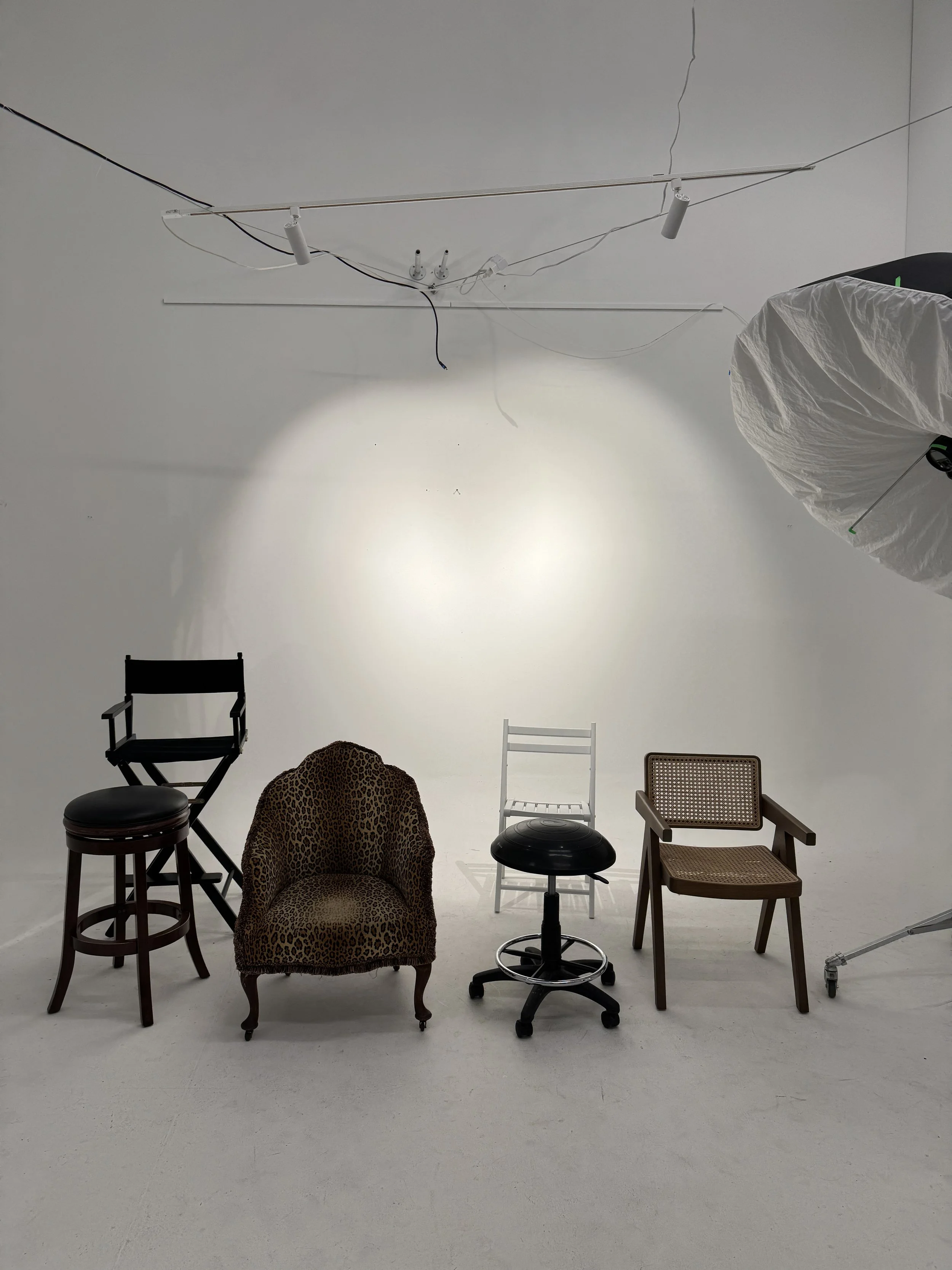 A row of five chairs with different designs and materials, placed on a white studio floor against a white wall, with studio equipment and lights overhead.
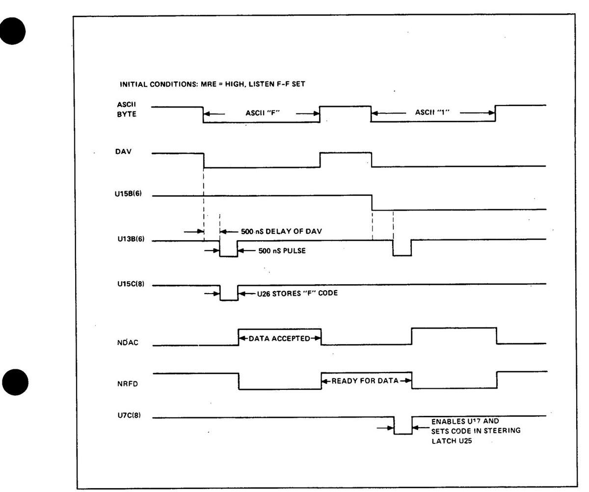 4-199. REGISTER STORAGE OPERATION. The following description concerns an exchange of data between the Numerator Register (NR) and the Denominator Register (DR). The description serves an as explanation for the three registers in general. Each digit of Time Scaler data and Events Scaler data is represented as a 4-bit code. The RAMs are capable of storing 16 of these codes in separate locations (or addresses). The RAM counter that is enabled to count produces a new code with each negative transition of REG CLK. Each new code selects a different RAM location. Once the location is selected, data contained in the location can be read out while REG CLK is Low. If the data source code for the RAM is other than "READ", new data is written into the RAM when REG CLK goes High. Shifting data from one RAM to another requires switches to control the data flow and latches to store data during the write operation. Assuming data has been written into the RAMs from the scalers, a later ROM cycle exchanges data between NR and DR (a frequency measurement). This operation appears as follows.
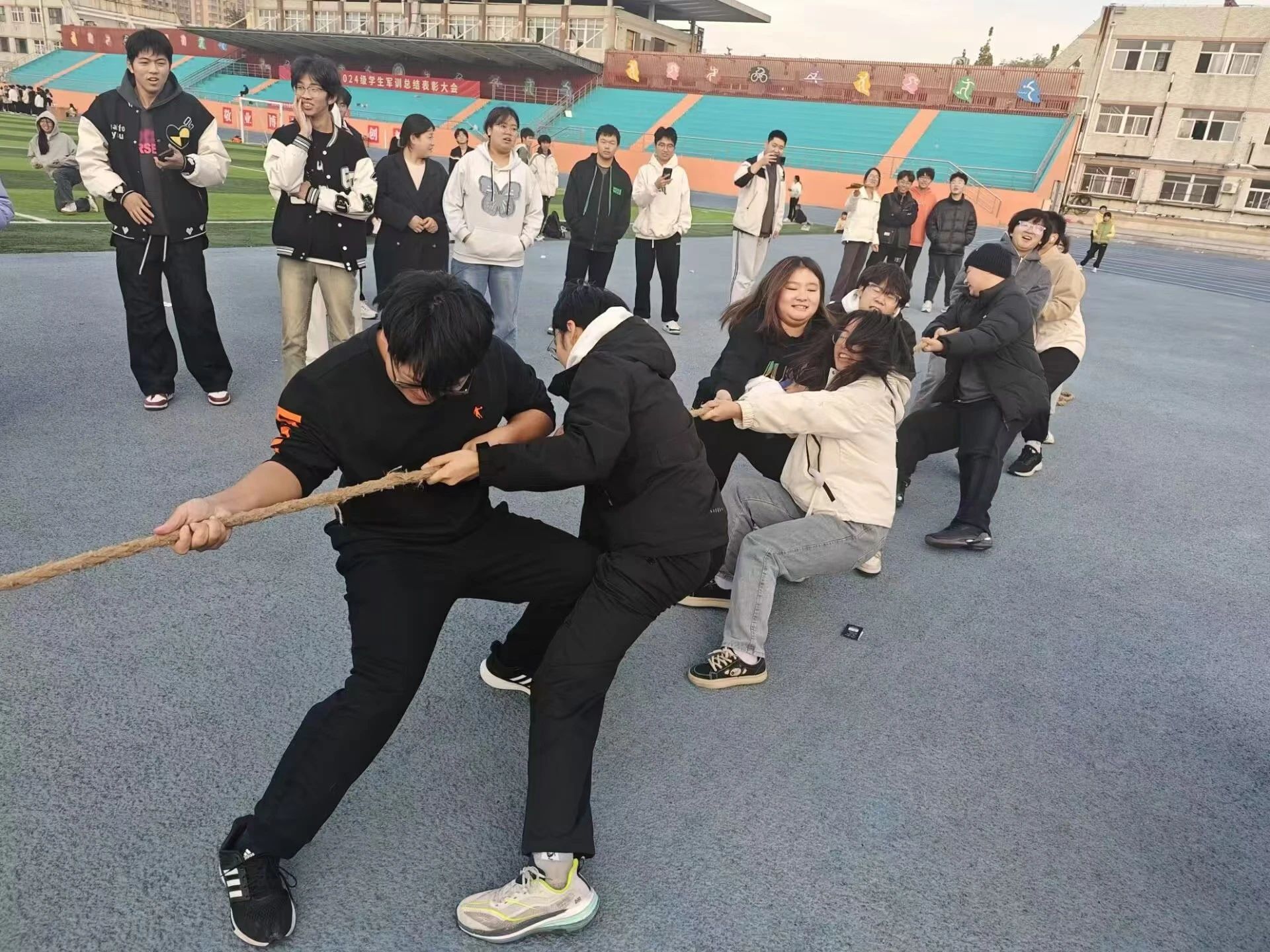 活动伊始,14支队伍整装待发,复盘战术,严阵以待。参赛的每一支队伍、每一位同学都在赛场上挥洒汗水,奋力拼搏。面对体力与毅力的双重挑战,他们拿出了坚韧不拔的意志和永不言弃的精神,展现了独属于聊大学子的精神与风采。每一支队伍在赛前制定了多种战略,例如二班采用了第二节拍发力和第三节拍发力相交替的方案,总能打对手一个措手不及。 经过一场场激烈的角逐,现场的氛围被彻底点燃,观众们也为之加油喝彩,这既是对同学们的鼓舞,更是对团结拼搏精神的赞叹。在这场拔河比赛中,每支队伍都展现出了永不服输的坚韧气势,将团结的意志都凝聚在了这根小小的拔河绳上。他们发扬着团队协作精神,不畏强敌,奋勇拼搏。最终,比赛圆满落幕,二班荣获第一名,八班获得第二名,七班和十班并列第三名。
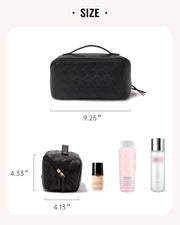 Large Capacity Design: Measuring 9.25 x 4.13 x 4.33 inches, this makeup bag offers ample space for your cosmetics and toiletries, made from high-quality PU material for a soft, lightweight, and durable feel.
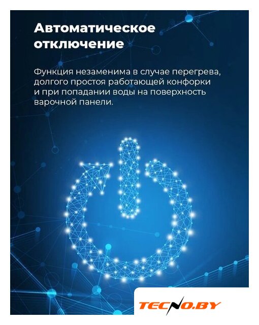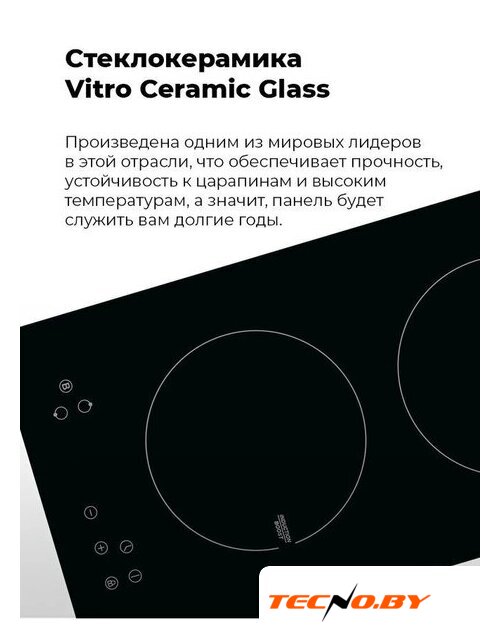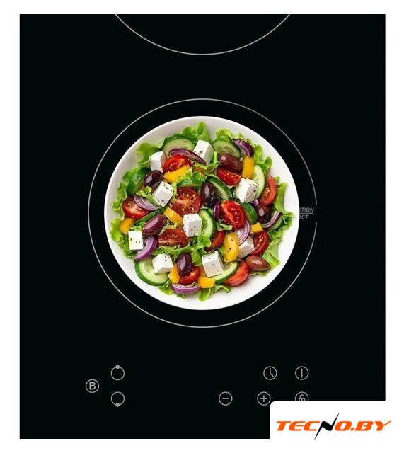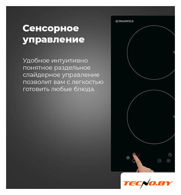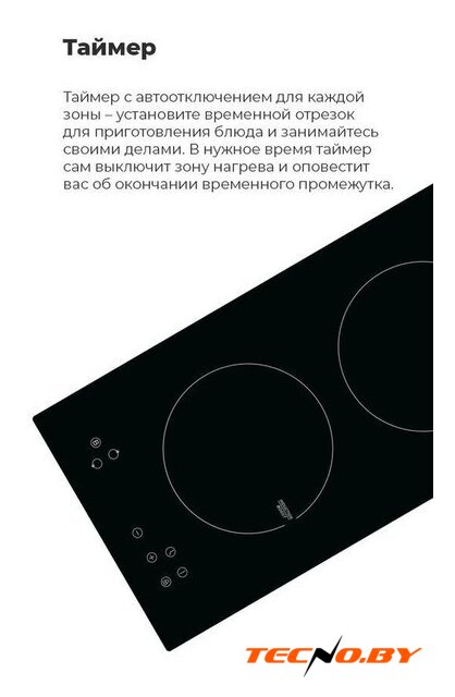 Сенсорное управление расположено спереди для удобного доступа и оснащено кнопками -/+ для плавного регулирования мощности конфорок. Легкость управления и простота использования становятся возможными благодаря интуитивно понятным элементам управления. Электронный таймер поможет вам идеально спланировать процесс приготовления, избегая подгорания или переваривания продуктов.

________________________________________

- [PROBLEM STATEMENT]
An exact copy of the whole listing is required, minus the pictures.

- [WORKED SOLUTION]
 A row of five chairs with different designs and materials, placed on a white studio floor against a white wall, with studio equipment and lights overhead.
 4-199. REGISTER STORAGE OPERATION. The following description concerns an exchange of data between the Numerator Register (NR) and the Denominator Register (DR). The description serves an as explanation for the three registers in general. Each digit of Time Scaler data and Events Scaler data is represented as a 4-bit code. The RAMs are capable of storing 16 of these codes in separate locations (or addresses). The RAM counter that is enabled to count produces a new code with each negative transition of REG CLK. Each new code selects a different RAM location. Once the location is selected, data contained in the location can be read out while REG CLK is Low. If the data source code for the RAM is other than "READ", new data is written into the RAM when REG CLK goes High. Shifting data from one RAM to another requires switches to control the data flow and latches to store data during the write operation. Assuming data has been written into the RAMs from the scalers, a later ROM cycle exchanges data between NR and DR (a frequency measurement). This operation appears as follows.
 活动伊始,14支队伍整装待发,复盘战术,严阵以待。参赛的每一支队伍、每一位同学都在赛场上挥洒汗水,奋力拼搏。面对体力与毅力的双重挑战,他们拿出了坚韧不拔的意志和永不言弃的精神,展现了独属于聊大学子的精神与风采。每一支队伍在赛前制定了多种战略,例如二班采用了第二节拍发力和第三节拍发力相交替的方案,总能打对手一个措手不及。 经过一场场激烈的角逐,现场的氛围被彻底点燃,观众们也为之加油喝彩,这既是对同学们的鼓舞,更是对团结拼搏精神的赞叹。在这场拔河比赛中,每支队伍都展现出了永不服输的坚韧气势,将团结的意志都凝聚在了这根小小的拔河绳上。他们发扬着团队协作精神,不畏强敌,奋勇拼搏。最终,比赛圆满落幕,二班荣获第一名,八班获得第二名,七班和十班并列第三名。
 Large Capacity Design: Measuring 9.25 x 4.13 x 4.33 inches, this makeup bag offers ample space for your cosmetics and toiletries, made from high-quality PU material for a soft, lightweight, and durable feel.
 Сенсорное управление расположено спереди для удобного доступа и оснащено кнопками -/+ для плавного регулирования мощности конфорок. Легкость управления и простота использования становятся возможными благодаря интуитивно понятным элементам управления. Электронный таймер поможет вам идеально спланировать процесс приготовления, избегая подгорания или переваривания продуктов.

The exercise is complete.